После его ухода я по-хозяйски как можно беззаботнее заметил, что пора спать. Никто не возражал.
– Не тревожьтесь, юная леди, – добавил я. – Если не хотите оставаться в комнате одна, пусть ваша храбрая горничная заночует с вами. И сегодня так жарко в доме, что я, пожалуй, вздремну на веранде, прямо под вашим окном. Все, ни слова больше. Завтра все обсудим.
Девушка поднялась, перевела взгляд с Энскома на меня, с сожалением посмотрела на отца и с возгласом отчаяния прошла в свою комнату за застекленной дверью. Потом позвала горничную и велела ей спать в ее комнате. Марнхем проводил дочь взглядом и ушел к себе, понурив голову и немного пошатываясь. Энском тоже встал и поковылял в свою комнату, я следом.
– Ну и заварили вы кашу, молодой человек.

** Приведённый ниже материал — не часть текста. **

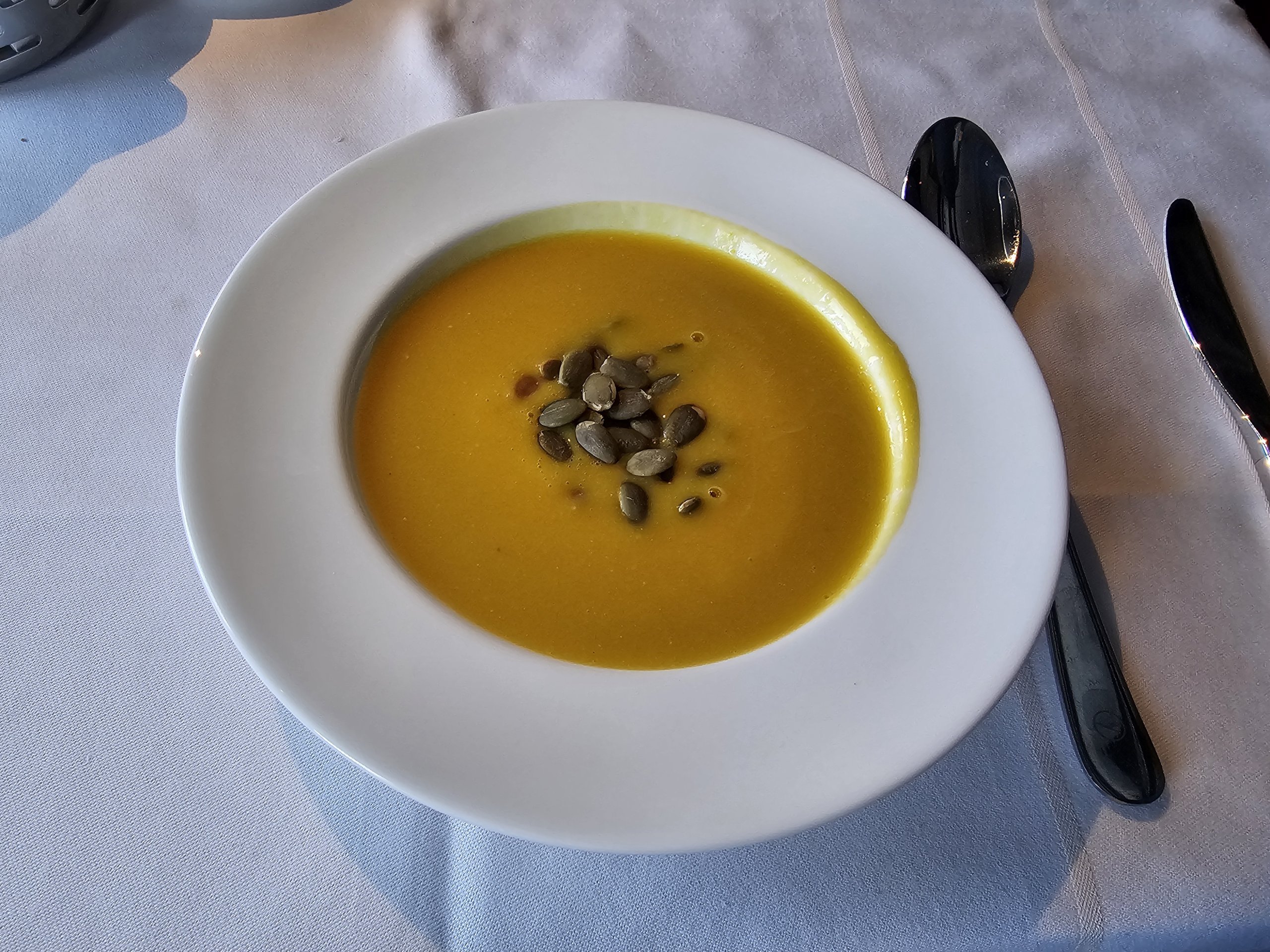 I have a great pumpkin and ginger soup before my meal.
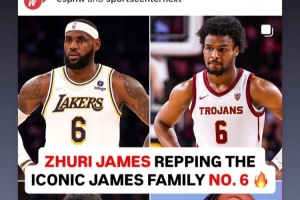 詹姆斯轉(zhuǎn)發(fā)了媒體曬出的他和三個子女都身穿6號球衣的照片。詹姆斯的兩個兒子布朗尼和布萊斯在大學打籃球時都身穿6號球衣,女兒Zhuri在學校打排球時身穿6號球衣。詹姆斯本人在熱火和湖人也有6個賽季身穿6號球衣。
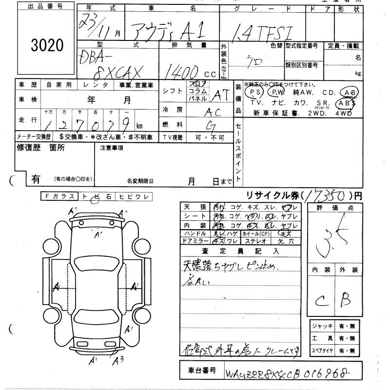 AUDI A1 - лот 3020
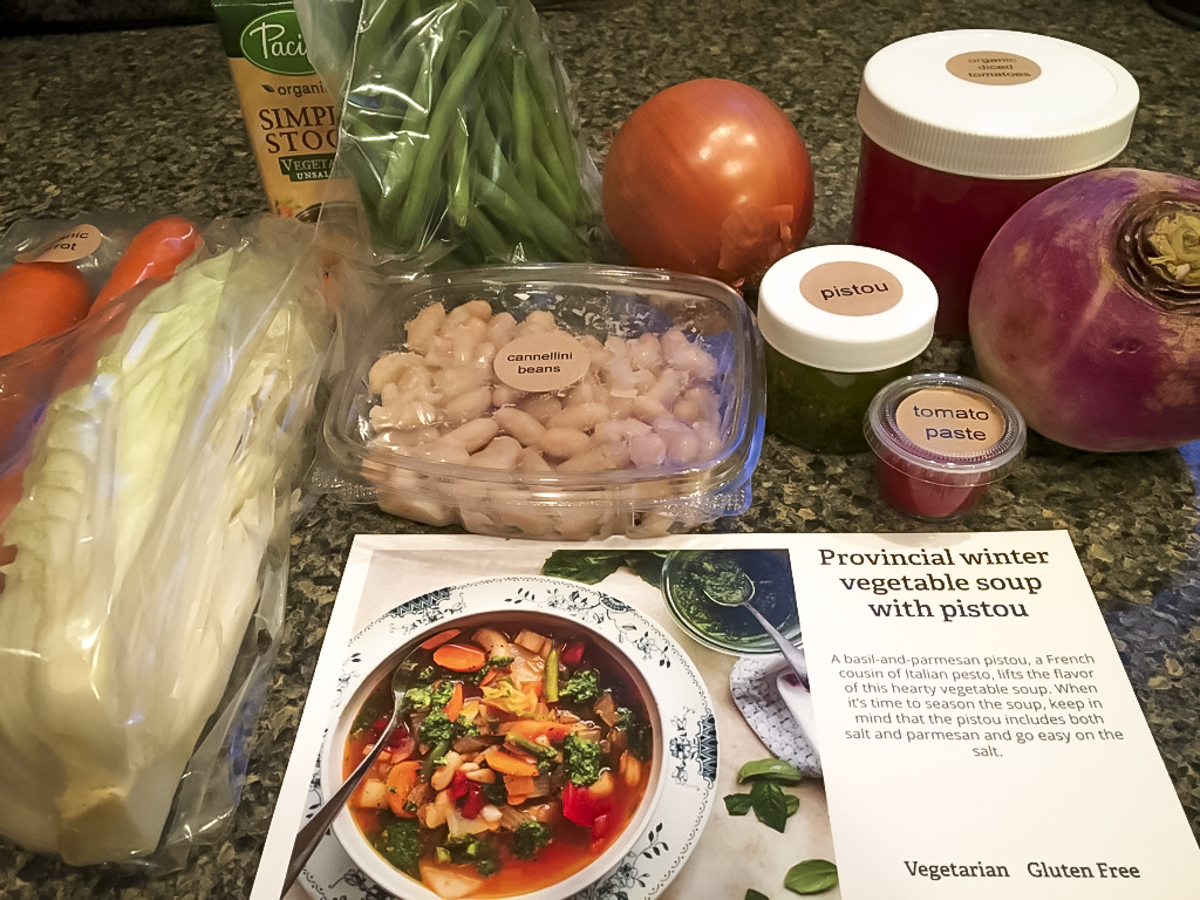 I decided to cook up the Provincial Winter Vegetable Soup with Pistou first [click the link for the recipe and a pretty picture]. Besides the freshness of the vegetables, the thing that struck me was the quantity of food. Sun Basket sent us the two serving plan, but there was enough food to feed three of us plus leftovers. Most importantly, it was delicious!

– Да, Аллан, боюсь, вы правы. Зато какая каша заварилась, сколько всего любопытного в ней намешано.
– Любопытная каша! Намешано! – передразнил я его. – Почему бы не назвать ее адским варевом?
Он вдруг посерьезнел:
– Послушайте, я люблю Хеду, и каковы бы ни были ее родные, я на ней все равно женюсь, даже наперекор семье.

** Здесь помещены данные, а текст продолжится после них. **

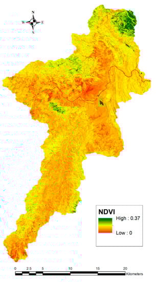 The crop management factor C reflects the effects of cropping and management practices on erosion. In RUSLE, its value is calculated as a product of five subfactors: prior land use, canopy cover, surface cover, surface roughness, and soil moisture. Factor C is expressed as a ratio of soil loss of a parcel with certain land use and a fallow condition [32,38]. Generally, C ranges between 1 and 0; higher values (≤1) are used for less vegetation, thus considering the land as barren whereas lower values (near to zero) indicate very strong cover and well-protected soil. Lanorte et al. [39] have reported that many authors have adopted simplified approaches to estimate C, e.g., by using land cover maps and assigning a C value to each class [40] or by applying remote-sensing techniques such as image classification [41,42] and vegetation indices [43]. Various studies [44,45,46] report mathematical functions to calculate C using the normalized difference vegetation index (NDVI), which is positively correlated with the amount of green biomass and indicates differences in green vegetation coverage [45]. In this study, the mathematical function developed by [45] has been used to estimate the crop management factor as shown in Equation (6). The NDVI calculations were made from Band 5 (NIR) and 4 (Red) of Landsat 8 image (https://earthexplorer.usgs.gov/, accessed on 29 May 2019) for July 2018, as shown in Figure 3. Most of the precipitation in the study area is received during the monsoon season (July to September) and the scattered vegetation dependent on the monsoon rainfall. Therefore, single imagery was used to calculate NDVI; otherwise, average values of different periods may be used where different cropping patterns prevail, as suggested by [13].
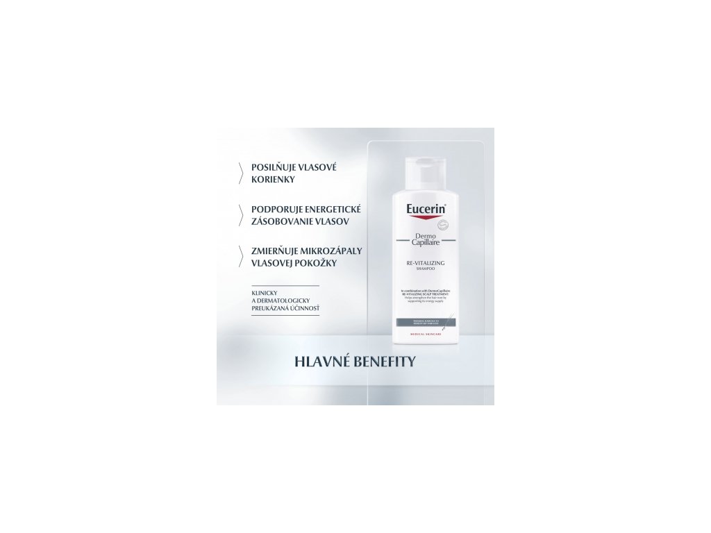 Při použití v kombinaci s Eucerin DermoCapillaire Tonikem proti vypadávání vlasů pomáhá posilovat vlasové kořínky tím, že podporuje jejich energetické zásobování.
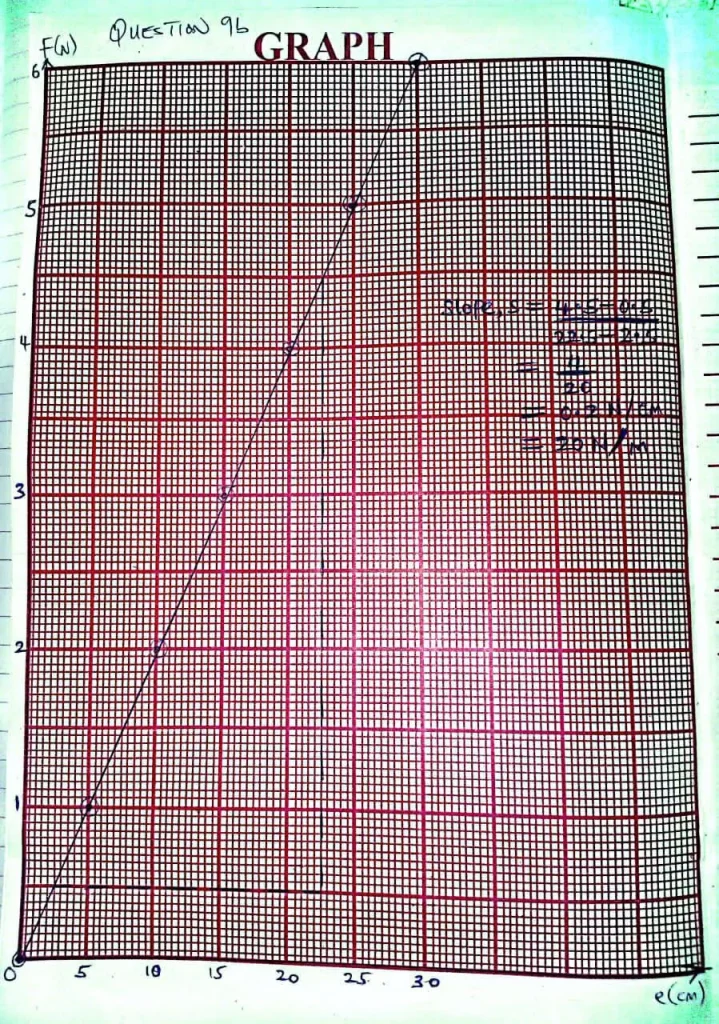 (9bii) Slope = ∆F/∆e Point 1: (Extension = 10.0 cm, Force = 2.0 N) Point 2: (Extension = 30.0 cm, Force = 6.0 N) S = (6.0-2.0)/(30.0-10.0) S = 4.0/20.0 S = 0.2N/cm
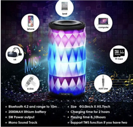 MIANOVA LED Bluetooth SpeakerNight Light Changing Wireless Speaker Portable W...
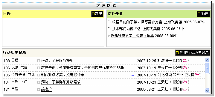 包括:日程安排、待办任务、行动历史。以及短信沟通记录。
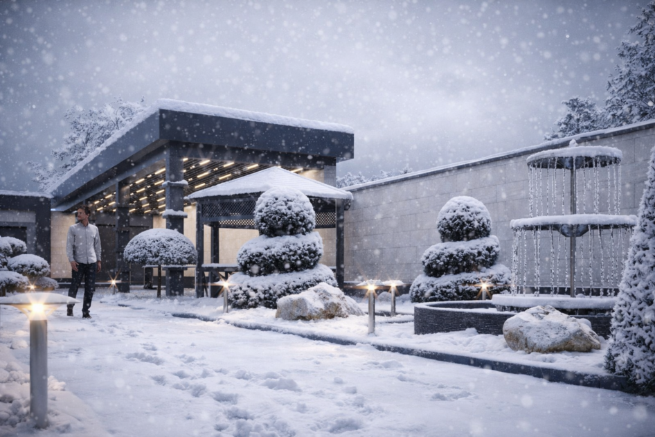 Полагаю фонтан они каждый год заново выкладывают? Если не сливать воду и она в нем замерзнет, полопаются все трубы и насос и вся плитка.

– Вам ничего иного и не остается. А что касается недовольства вашей семьи, сдается мне, девушка готова разделить с вами любую участь. Вот только как же вы на ней женитесь?

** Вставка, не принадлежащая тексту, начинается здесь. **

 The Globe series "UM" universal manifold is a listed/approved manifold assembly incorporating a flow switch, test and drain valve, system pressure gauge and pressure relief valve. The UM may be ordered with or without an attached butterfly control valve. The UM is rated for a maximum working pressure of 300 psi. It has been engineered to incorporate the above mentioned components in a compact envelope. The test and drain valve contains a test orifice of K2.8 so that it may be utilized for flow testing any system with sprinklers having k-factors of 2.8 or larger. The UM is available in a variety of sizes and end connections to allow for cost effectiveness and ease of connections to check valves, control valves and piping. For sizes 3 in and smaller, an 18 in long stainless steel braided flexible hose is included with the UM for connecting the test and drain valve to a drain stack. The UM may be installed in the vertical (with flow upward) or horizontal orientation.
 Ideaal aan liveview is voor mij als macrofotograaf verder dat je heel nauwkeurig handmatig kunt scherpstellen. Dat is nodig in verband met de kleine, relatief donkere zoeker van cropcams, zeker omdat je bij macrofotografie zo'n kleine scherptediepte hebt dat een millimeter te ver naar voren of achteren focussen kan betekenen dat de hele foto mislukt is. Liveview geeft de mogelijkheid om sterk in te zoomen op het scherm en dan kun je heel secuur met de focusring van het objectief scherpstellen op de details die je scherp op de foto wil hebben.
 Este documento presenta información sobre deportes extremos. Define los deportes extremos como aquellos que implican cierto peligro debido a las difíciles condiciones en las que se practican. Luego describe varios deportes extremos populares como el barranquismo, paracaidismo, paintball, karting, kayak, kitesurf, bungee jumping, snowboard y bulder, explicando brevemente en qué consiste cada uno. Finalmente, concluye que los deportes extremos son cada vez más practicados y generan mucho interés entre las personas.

– Ну, что-нибудь наверняка случится, – ответил он беспечно.
– Тут вы правы, случится, знать бы только, что именно. Когда я подошел к веранде, вы и Хеда были на волосок от подобного случая, к счастью для вас обоих, я умею управляться с револьвером. Дайте-ка посмотрю вашу ногу, и больше ни слова о деле. Утром, на трезвую голову, у меня обязательно появится какая-нибудь идея.
Осторожно осматривая ногу, я согласился с доктором Роддом. Энском по-прежнему хромал, однако рана почти зажила, а воспаление спало. А совсем скоро к суставам вернется былая подвижность. Во время моих манипуляций он в красках расписывал достоинства и прелести Хеды, а я помалкивал.
– Лягте и постарайтесь уснуть, – посоветовал я, покончив с осмотром. – Дверь запирается, а я расположусь так, что опасность со стороны окна вам не будет грозить. Спокойной ночи.
Оставив его, я нашел себе местечко рядом с висящей лампой, откуда видел комнату Хеды и мою, так что никто не проскочил бы незаметно. Мне не привыкать к ночным бдениям, заряженный револьвер был наготове. Никогда еще я не чувствовал себя бодрее, неумолимо текли часы, а мысли не давали покоя.
Не важно, о чем я думал, поскольку это никак не связано с последующими событиями. Скажу лишь, что к рассвету мне стало не по себе. Не знаю, что меня так напугало, но встревожился я не на шутку. Мимо комнаты Хеды и нашей никто не ходил, в этом я лично убедился. Казалось бы, мои страхи беспочвенны, а все же они никак не унимались, а лишь нарастали. У меня появилось предчувствие: что-то происходит в этом доме или на другом конце Африки, нечто ужасное, чему я не в силах помешать.
Подавленность нарастала и достигла предела, как вдруг все про шло. Я вытер пот со лба и осмотрелся, уже начинало светать. Нежные краски чудесной зари показались мне добрым знаком на нашем туманном пути. Пустяк, конечно, всего лишь приход нового дня, и все же я получил утешение и надежду. С рассветом все страхи улетучились, а осталась только радость. Теперь я не сомневался, что мы преодолеем все трудности и все закончится хорошо.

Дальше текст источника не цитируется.